(Items listed in a dataset)
+ + + +
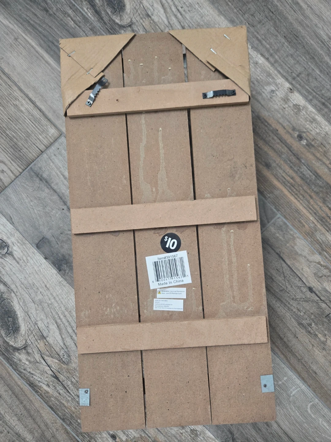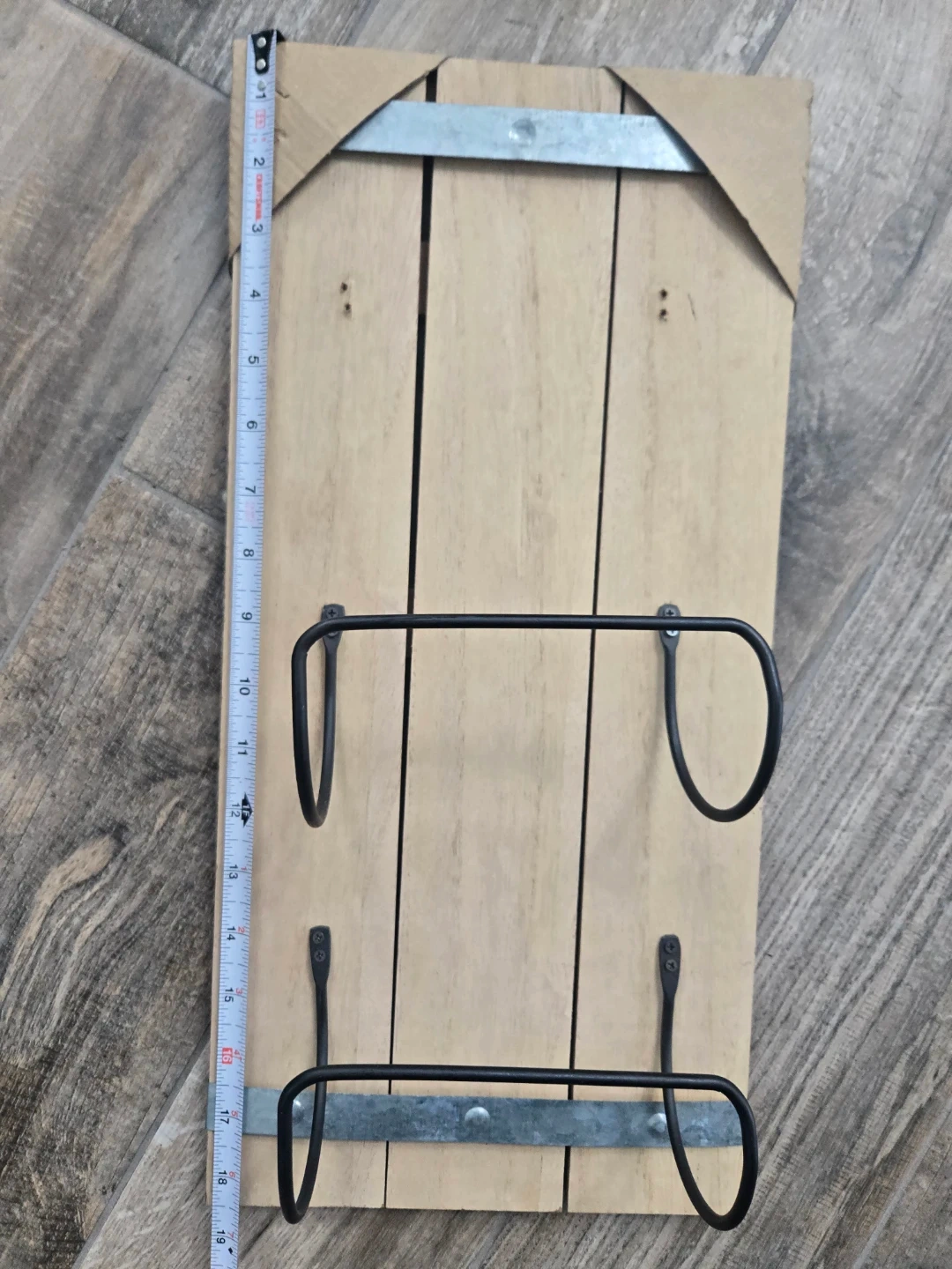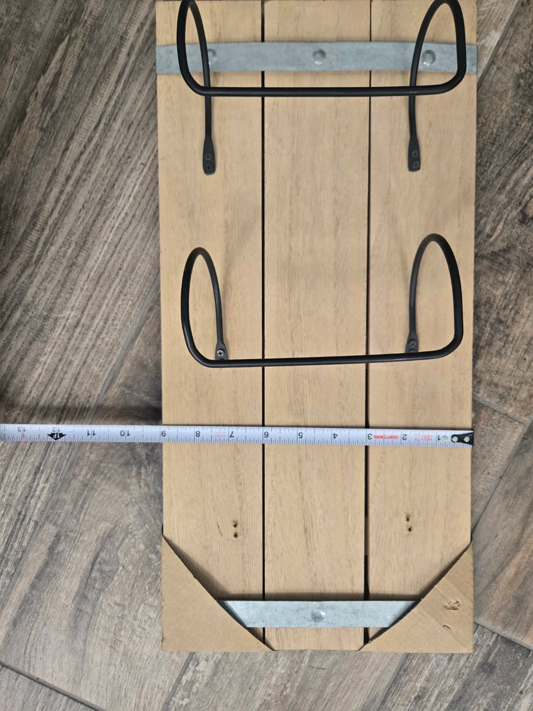 This wooden wine rack is perfect for displaying your favorite bottles! It's in great condition and ready to hang. It measures approximately 18 inches in height and 11 inches in width. Originally bought for $10!
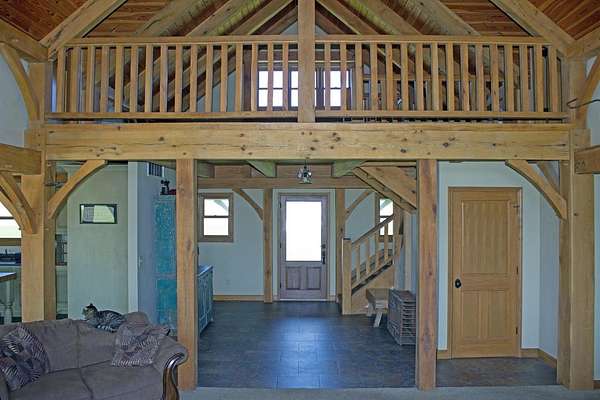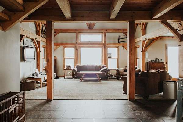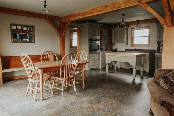 Comp Purposes Only-Predetermined Buyer Fall in love with this custom Amish built Post & Beam Timber Framed home with exquisite quality and craftsmanship with stunning woodwork. Brick and cedar exterior, Dramatic vaulted ceilings, massive timbers, gracefully curved braces, exposed wood peg joinery, and handcrafted trim and doors are just a few features that bring out the warmth of the rustic life. This piece of heaven on earth has three bedrooms, two full bathrooms, main floor primary bedroom, two additional bedrooms on the second floor with a loft overlooking the living room. There is an additional finished 434 finished heated living square feet in the bonus room above the two car garage. All of the cabinetry are custom built. The full basement is ready to be finished and has been plumbed for a future bathroom and has a egress window. This beauty sits on a 2.27 acre parcel with ample room to roam.
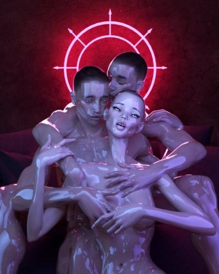 Sivan’s sexy new androgyne image seems to have been inspired by the work of Melbourne-based 3D artist Jason Ebeyer, who created the Bloom lyric video. Taking inspiration from online subcultures, erotica, and technology, Ebeyer’s digital art explores the worlds of light and color as well as darkness and shadow in trippy, shimmering tableaux that blur the boundary between reality and the hallucinogenic world of dreams.
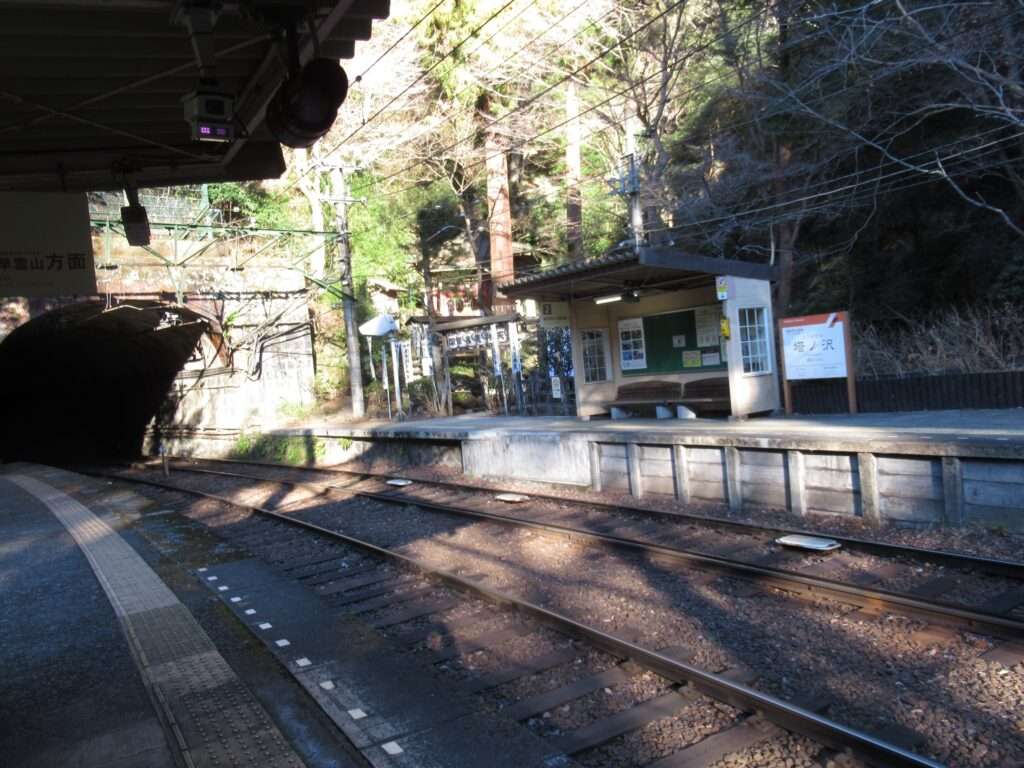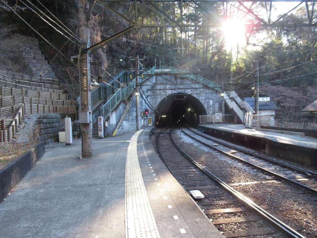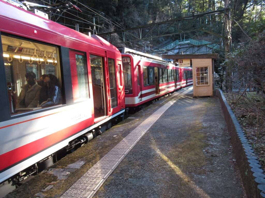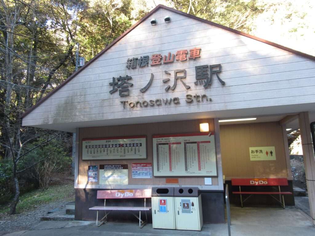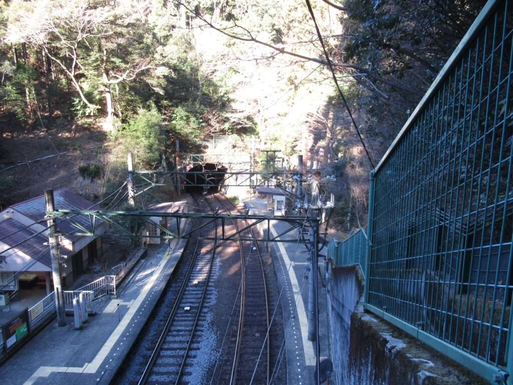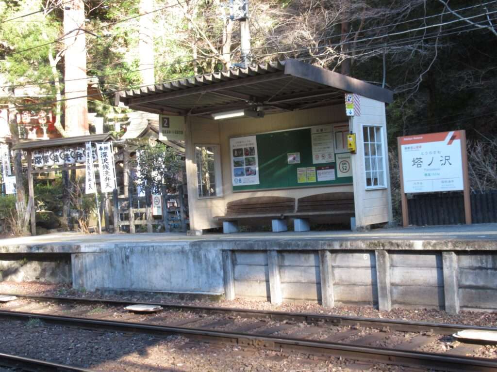 箱根登山鉄道線を引き継いだ箱根登山電車こと小田急箱根鉄道線の塔ノ沢駅でございます。単線電化区間にある列車交換可能な相対式2面2線の地上駅で、ホームはトンネルに挟まれた場所にございます。待合室とトイレのみの駅舎がある無人駅で、反対側の箱根湯本方面行ホームへはトンネルの入口上に設けられた階段通路での連絡となっております。こちらのホーム脇に深澤銭洗弁財天がございます。この駅は山の中に位置していて、国道1号の玉ノ緒橋付近からクルマが通行できない狭い坂道を登ってくるしか到達手段がないため、ある意味「秘境駅」に近しい雰囲気なのでございます。
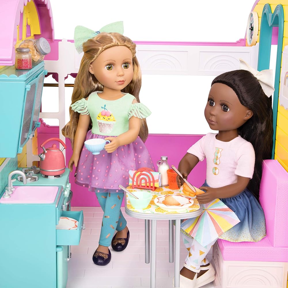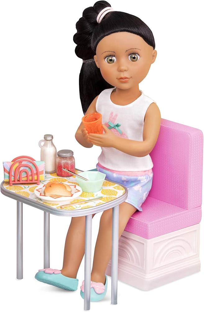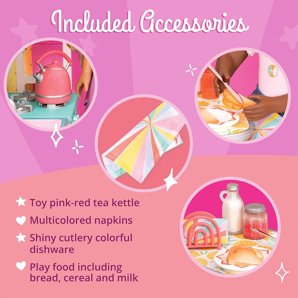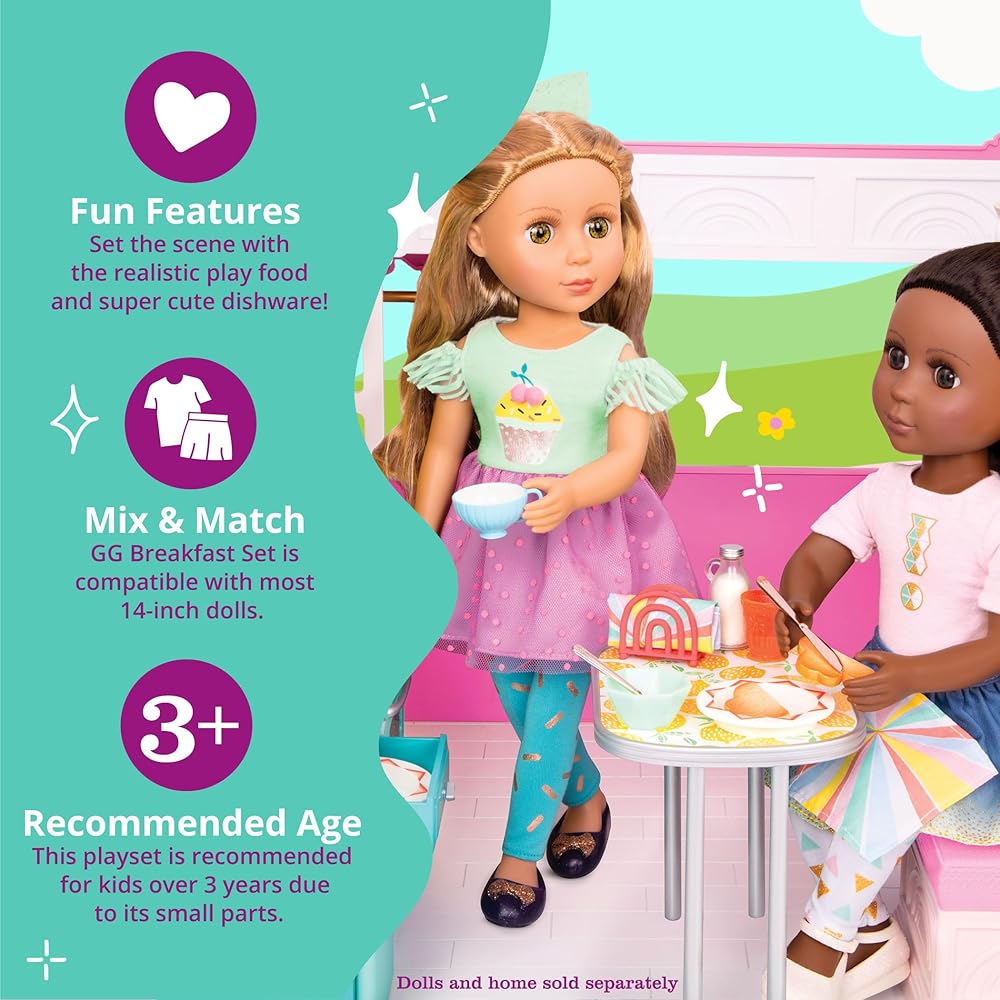 جليتر جيرلز - مجموعة إفطار دمية مقاس 14 بوصة - لعب الطعام وغلاية الشاي وإكسسوارات إعداد الطاولة - ألعاب للأطفال من سن 3 سنوات فما فوق
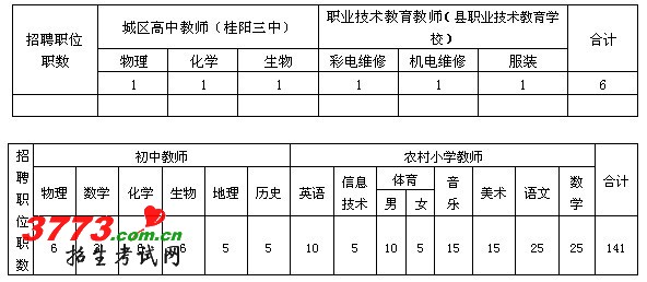 湖南省桂阳县2011年公开招聘教师公告 县委、县政府研究决定,2011年面向社会公开招聘147名教师。现将有关事项公告如下。 (二)义务教育阶段学校招聘职位、职数
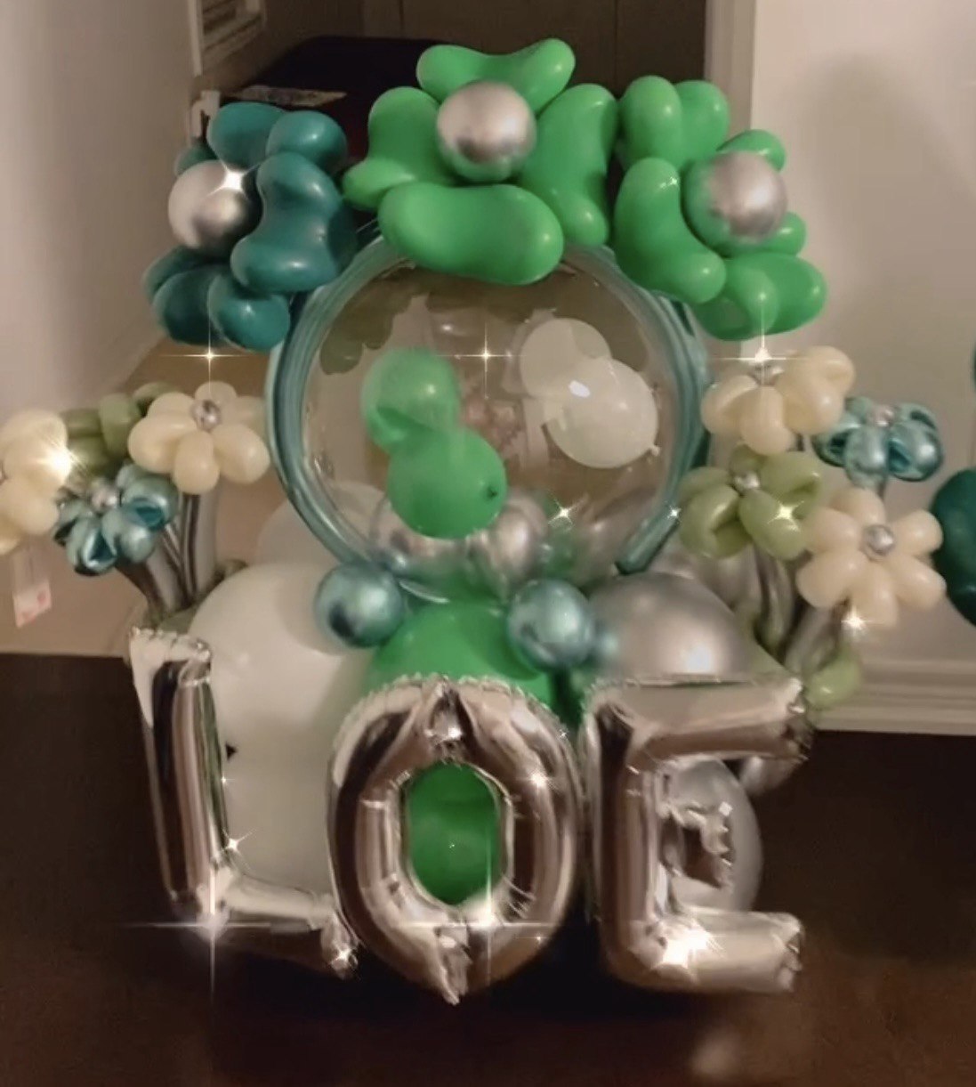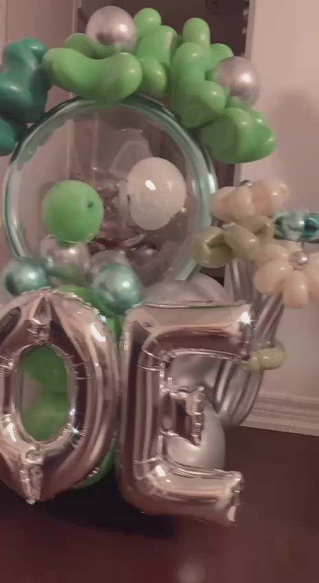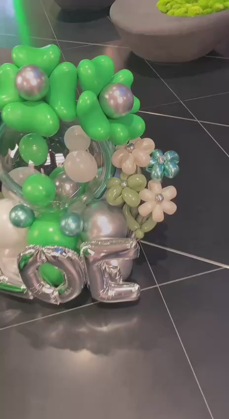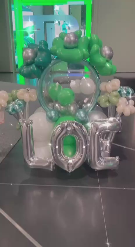 Celebrate achievements in style with this elegant TD Bank-themed balloon centerpiece, crafted for the League of Excellence annual awards. This arrangement features vibrant green and white balloon flowers, accented with metallic silver details for a refined and professional look. The centerpiece showcases a crystal-clear orb balloon surrounded by lush floral designs and topped with the bold "LOE" metallic letters, symbolizing pride and accomplishment. Perfect for award ceremonies, corporate events, and celebrations, this unique design highlights your commitment to excellence and success.
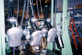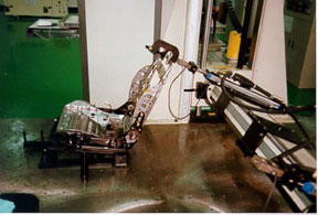 TMSI's automobile seat test system allows a seat manufacturer to perform different tests with only 10 minutes changeover time between them. Three hydraulic actuators are mounted on a crosshead that is rotatable and elevator driven up and down to position them for the different tests. This design is a huge benefit to seat manufacturers, who would otherwise have to purchase a separate machine for each test. TMSI's system performs the following tests. One is a Federal Motor Vehicle Safety Standard (FMVSS) 202 strength test, which pushes the seat back backward until it breaks. In this test, the seat is bolted to the floor of the test bed. A fixture attached to the back of the seat pushes it backward with the equivalent of 20 Gs of force. A load cell is attached to the actuator to indicate how many pounds of force are applied, and at what level of force the seat breaks. The system performs another FMVSS 202 strength test on the headrest. In this test, the headrest is also pushed backward until it breaks, but prior to that the seat back is pushed backward by an actuator with the shape of the human torso. This is to position the seatback, as it would be in a crash so that the orientation of the headrest on the seat back is as realistic as possible for this test. After the seat is pushed back by the actuator, the system stores the angle of the seat back. The seat back is then removed, the headrest is put into the correct orientation, and then pushed back with another actuator until it breaks. The force is recorded, as in the previous test. Onboard Intelligence Key to Real Time under WindowsThe use of a DAP enabled Test Measurement Systems Inc. (TMSI) to design a multi-function automobile seat testing system that costs about one-half of a similar system using a programmable logic controller (PLC). TMSI believes this system provides the most seat tests in a system controlled by a single PC: strength tests for the seat back and headrest, fatigue and load deflection tests, and a crash test of the headrest. “The DAP let us build a great deal of functionality into this system at a very competitive price.” The third test is a fatigue test in which one of the actuators is attached to the top of the seat frame. The frame is installed in the fixture in the locked position, and then the seat back is pushed backward and pulled forward for hundreds of thousands of cycles. As the seat weakens its deflection increases. The test is automatically stopped when the deflection reaches a predefined level. This test is not an FMVSS standard, but one that the manufacturers do as part of new seat design to ensure that the seat will last for the life of the car. The fourth test is load-deflection. In this test, which is designed to measure seat comfort, the actuators are rotated so they travel vertically. A human form is attached to the end of the actuator to simulate a person sitting in the seat. The actuators slowly press downward onto the seat until they reach a predetermined weight (200 to 300 pounds) then they reverse direction and slowly unload. The system captures the load and deflection data to determine how much energy the seat is absorbing. Seat manufacturers have determined optimal energy absorption properties for different vehicles. The fifth test is FMVSS 201, which involves an additional set of actuators mounted on a crosshead and a pneumatic blowgun that fires what are called "head cannons." These accelerate to 15 mph in the space of six inches and hit the headrest hard to simulate the effect of a human head slamming backwards in a crash. An accelerometer measures the g force of the head actuator at impact. The force needs to be below a certain level to meet the FMVSS standard. System designIn designing this test system, the traditional approach for controlling the actuators would have been to use a PLC, a digital controller used for applications such as on/off control, timing, logic, counting and sequencing, in between the user interface and the machine. PLCs are frequently used to control complicated machinery because they possess the stability and deterministic real-time capabilities needed to ensure that machines remain under control and follow prescribed shutdown procedures in case of a fault. If the TMSI engineers had gone with a PLC, they would also have needed a high-speed data acquisition system to collect the incoming test data. In addition, they would have needed an additional piece of hardware -- a PC and custom software linking all the components and serving as the user interface. Such a complex set of controls typically results in a system that is dedicated to a single test machine, thus driving the hardware costs up on a per-test basis. The development time required to to write the custom integration software would also raise the price of the system significantly.
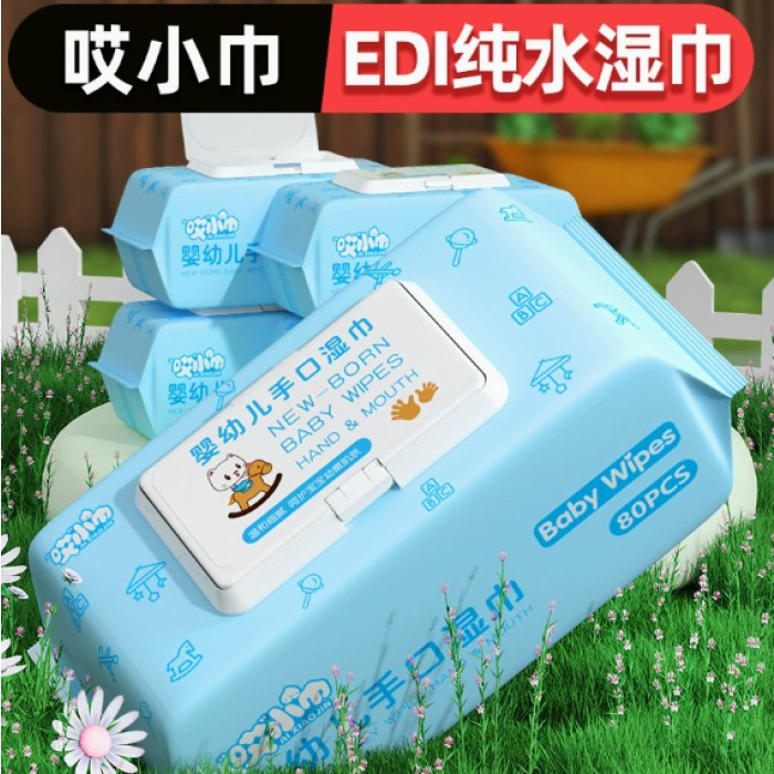 80抽纯水婴儿湿巾带盖手口清洁湿巾大包擦屁湿纸巾宝宝哎小巾小木马80抽
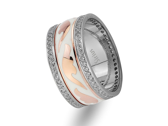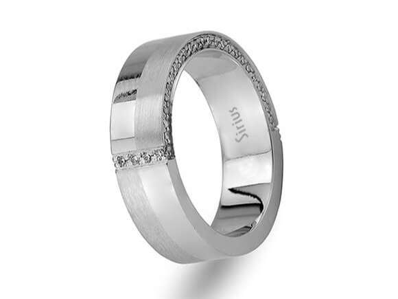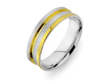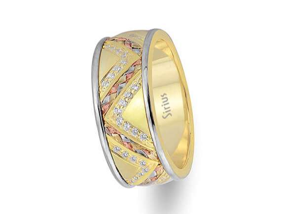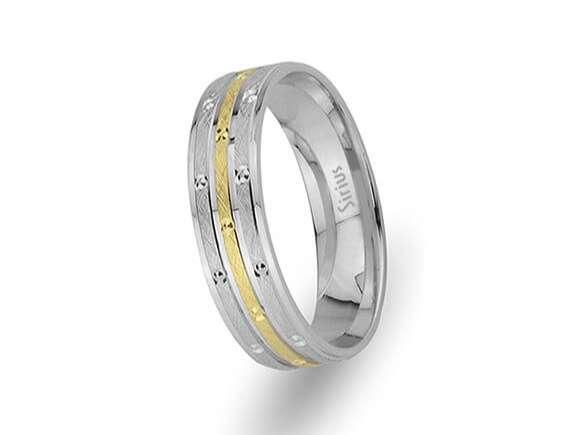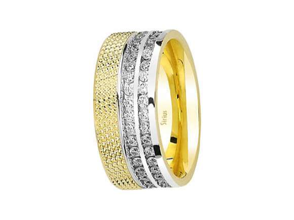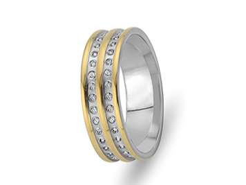 Pırlanta Taşlı Sarı ve Beyaz Altın Riva Alyans
+ + + +
**Try it:**
The lines above starting at the one that holds "جليتر جيرلز - مجموعة" and ending at the one that holds "Celebrate achievements in" are to be written out exactly, ends included, and no pictures are to be copied.

**Answer section:**
 جليتر جيرلز - مجموعة إفطار دمية مقاس 14 بوصة - لعب الطعام وغلاية الشاي وإكسسوارات إعداد الطاولة - ألعاب للأطفال من سن 3 سنوات فما فوق
 湖南省桂阳县2011年公开招聘教师公告 县委、县政府研究决定,2011年面向社会公开招聘147名教师。现将有关事项公告如下。 (二)义务教育阶段学校招聘职位、职数
 Celebrate achievements in style with this elegant TD Bank-themed balloon centerpiece, crafted for the League of Excellence annual awards. This arrangement features vibrant green and white balloon flowers, accented with metallic silver details for a refined and professional look. The centerpiece showcases a crystal-clear orb balloon surrounded by lush floral designs and topped with the bold "LOE" metallic letters, symbolizing pride and accomplishment. Perfect for award ceremonies, corporate events, and celebrations, this unique design highlights your commitment to excellence and success.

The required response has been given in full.